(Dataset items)
▶
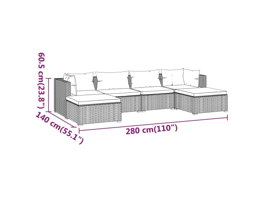 6dílná zahradní sedací souprava s poduškami polyratan hnědá 3101802
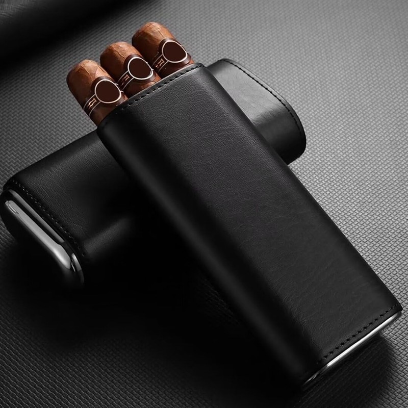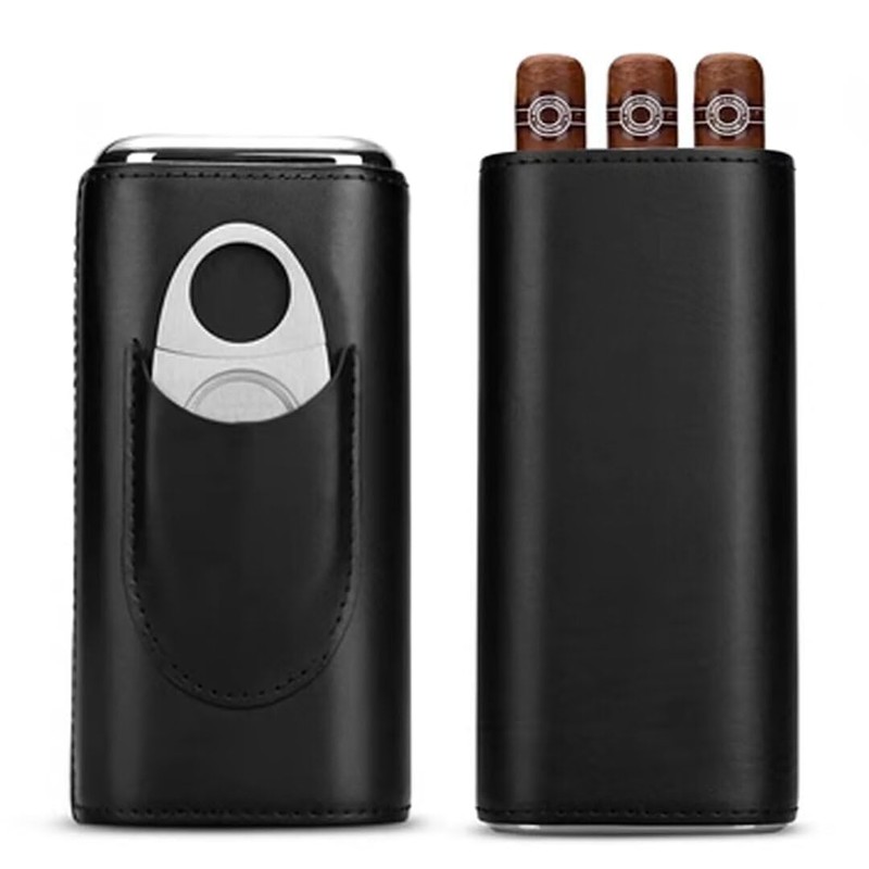 Three-Finger Portable Cigar Humidor Leather Case with Silver Cigar Cutter(Black)
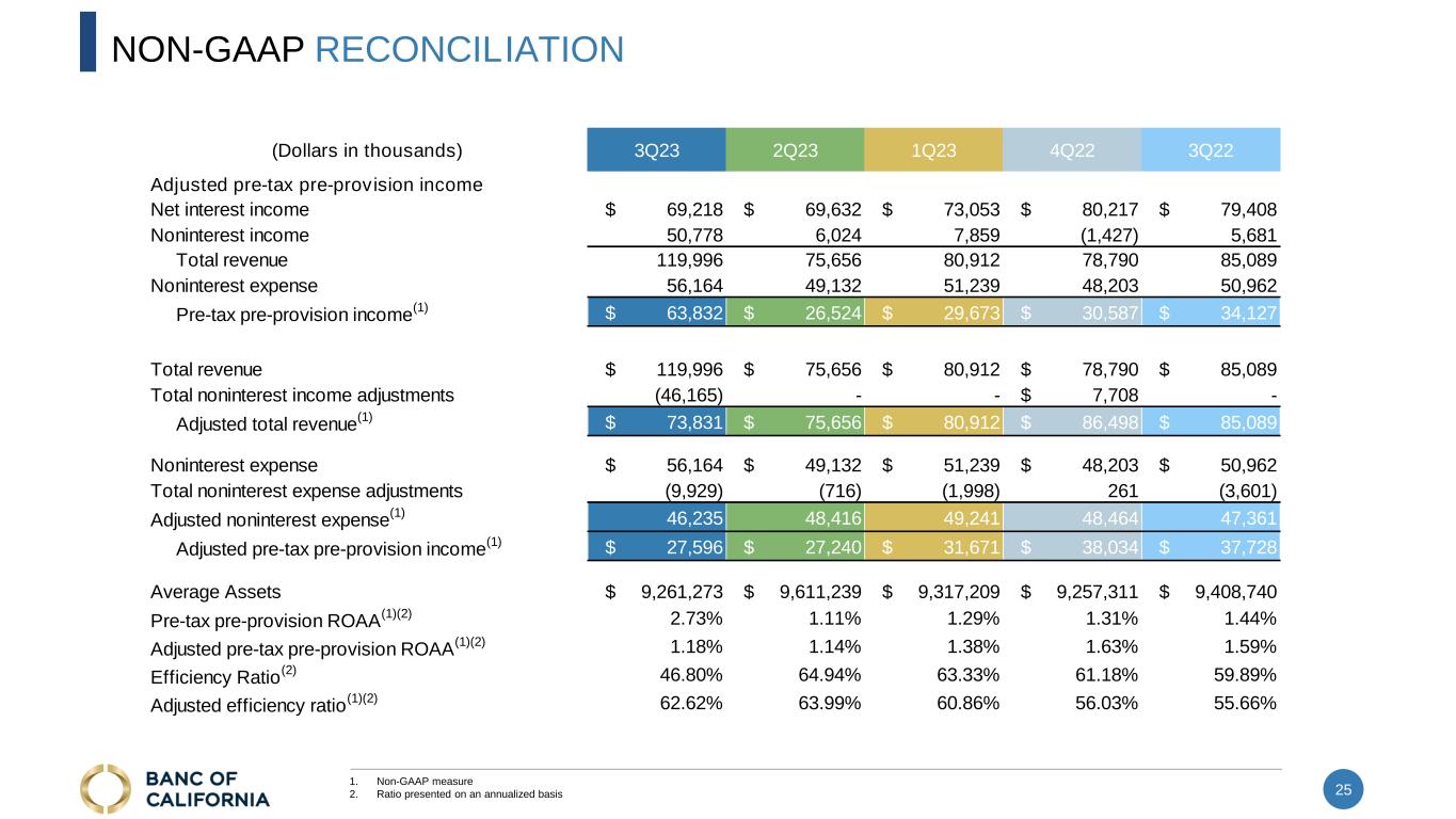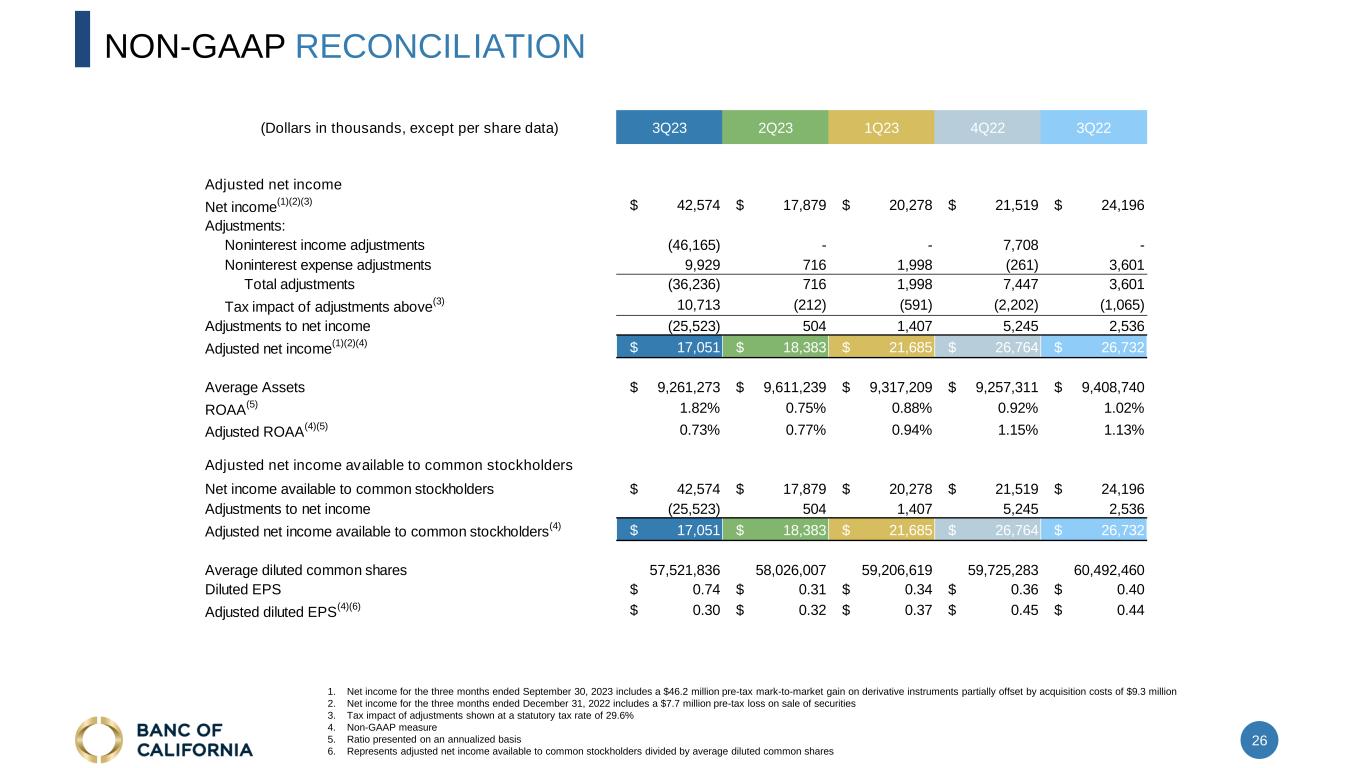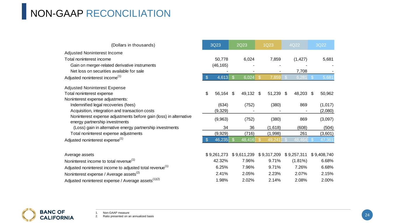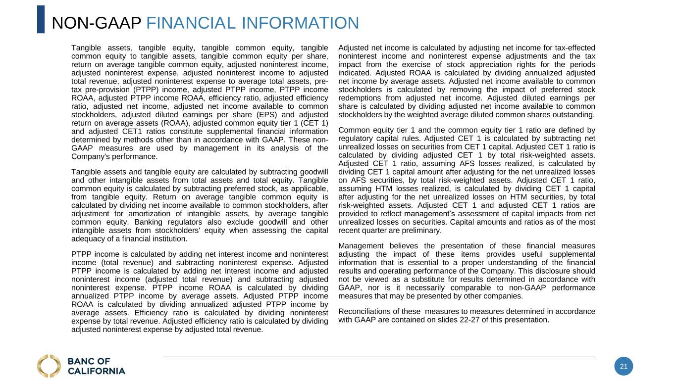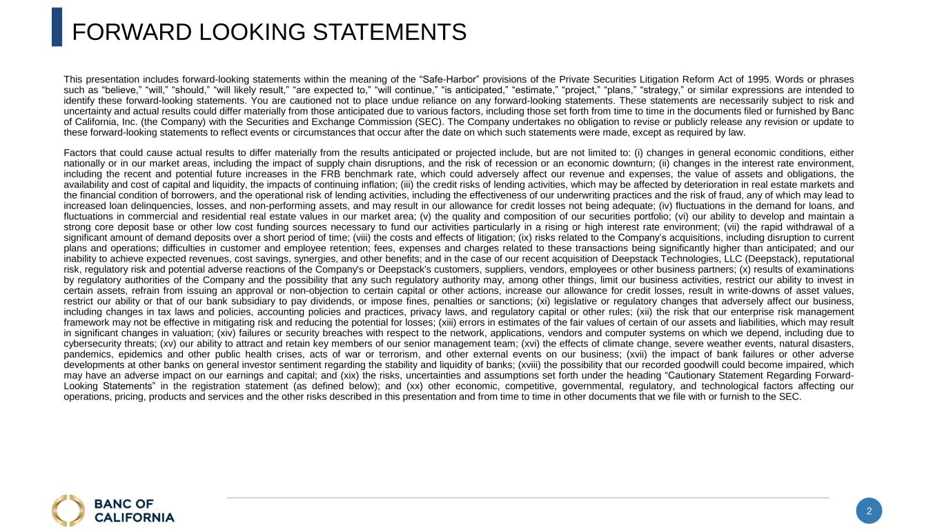 This document includes forward-looking statements within the meaning of the “Safe-Harbor” provisions of the Private Securities Litigation Reform Act of 1995. Words or phrases such as “believe,” “will,” “should,” “will likely result,” “are expected to,” “will continue,” “is anticipated,” “estimate,” “project,” “plans,” “strategy,” or similar expressions are intended to identify these forward-looking statements. You are cautioned not to place undue reliance on any forward-looking statements. These statements are necessarily subject to risk and uncertainty and actual results could differ materially from those anticipated due to various factors, including those set forth from time to time in the documents filed or furnished by Banc of California, Inc. (the Company) with the Securities and Exchange Commission (SEC). The Company undertakes no obligation to revise or publicly release any revision or update to these forward-looking statements to reflect events or circumstances that occur after the date on which such statements were made, except as required by law.
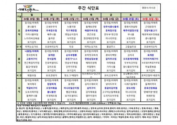 4월 셋째주 식단표 페이지 정보 작성자 은천노인복지회 작성일26-04-16 17:43 조회42회 댓글0건 관련링크 다음글 목록 답변 본문 4월 셋째주 어르신 식단표 안내해 드립니다. 정성과 영양을 담아 준비하겠습니다. 다음글 목록 답변
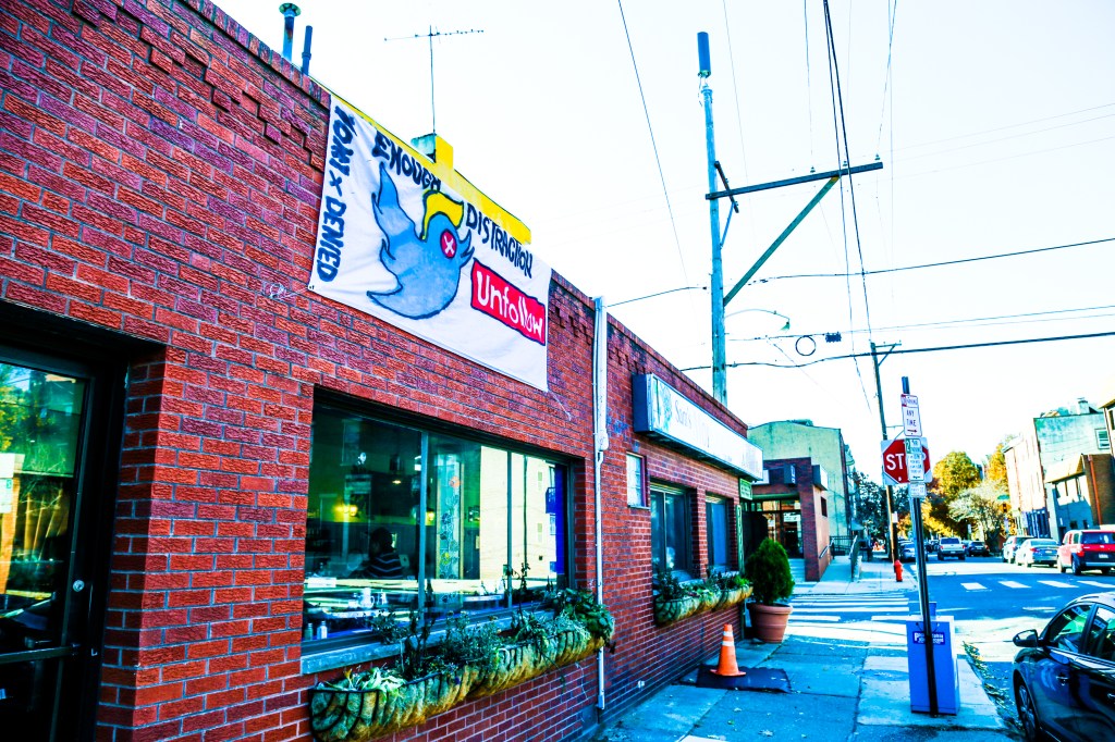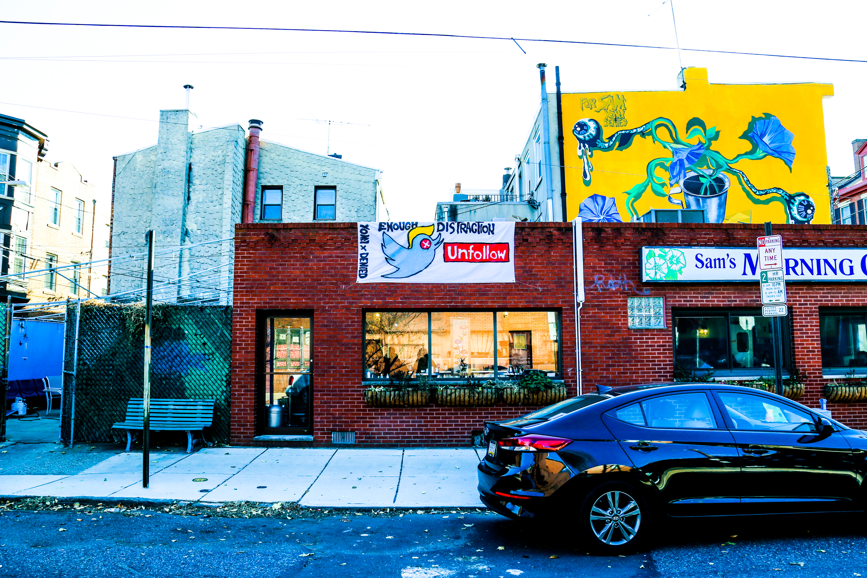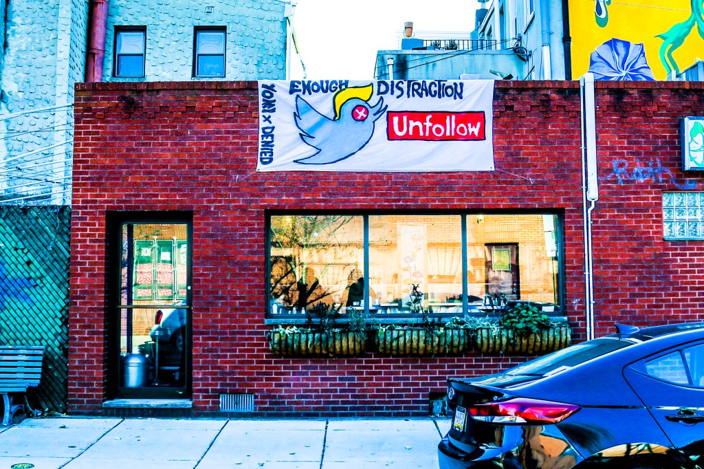 A new installation by a pair of Philly street artists outside a popular Philly brunch spot encourages everyone to unfollow President Trump. The banner is a collaboration by YOMI and DENIED, and it’s been installed with permission outside Bella Vista’s Morning Glory Diner at 10th and Fitzwater streets.
◀
**Task requirements**
Pictures omitted, give the entries again exactly.

**Exercise solution**
 6dílná zahradní sedací souprava s poduškami polyratan hnědá 3101802
 Three-Finger Portable Cigar Humidor Leather Case with Silver Cigar Cutter(Black)
 This document includes forward-looking statements within the meaning of the “Safe-Harbor” provisions of the Private Securities Litigation Reform Act of 1995. Words or phrases such as “believe,” “will,” “should,” “will likely result,” “are expected to,” “will continue,” “is anticipated,” “estimate,” “project,” “plans,” “strategy,” or similar expressions are intended to identify these forward-looking statements. You are cautioned not to place undue reliance on any forward-looking statements. These statements are necessarily subject to risk and uncertainty and actual results could differ materially from those anticipated due to various factors, including those set forth from time to time in the documents filed or furnished by Banc of California, Inc. (the Company) with the Securities and Exchange Commission (SEC). The Company undertakes no obligation to revise or publicly release any revision or update to these forward-looking statements to reflect events or circumstances that occur after the date on which such statements were made, except as required by law.
 4월 셋째주 식단표 페이지 정보 작성자 은천노인복지회 작성일26-04-16 17:43 조회42회 댓글0건 관련링크 다음글 목록 답변 본문 4월 셋째주 어르신 식단표 안내해 드립니다. 정성과 영양을 담아 준비하겠습니다. 다음글 목록 답변
 A new installation by a pair of Philly street artists outside a popular Philly brunch spot encourages everyone to unfollow President Trump. The banner is a collaboration by YOMI and DENIED, and it’s been installed with permission outside Bella Vista’s Morning Glory Diner at 10th and Fitzwater streets.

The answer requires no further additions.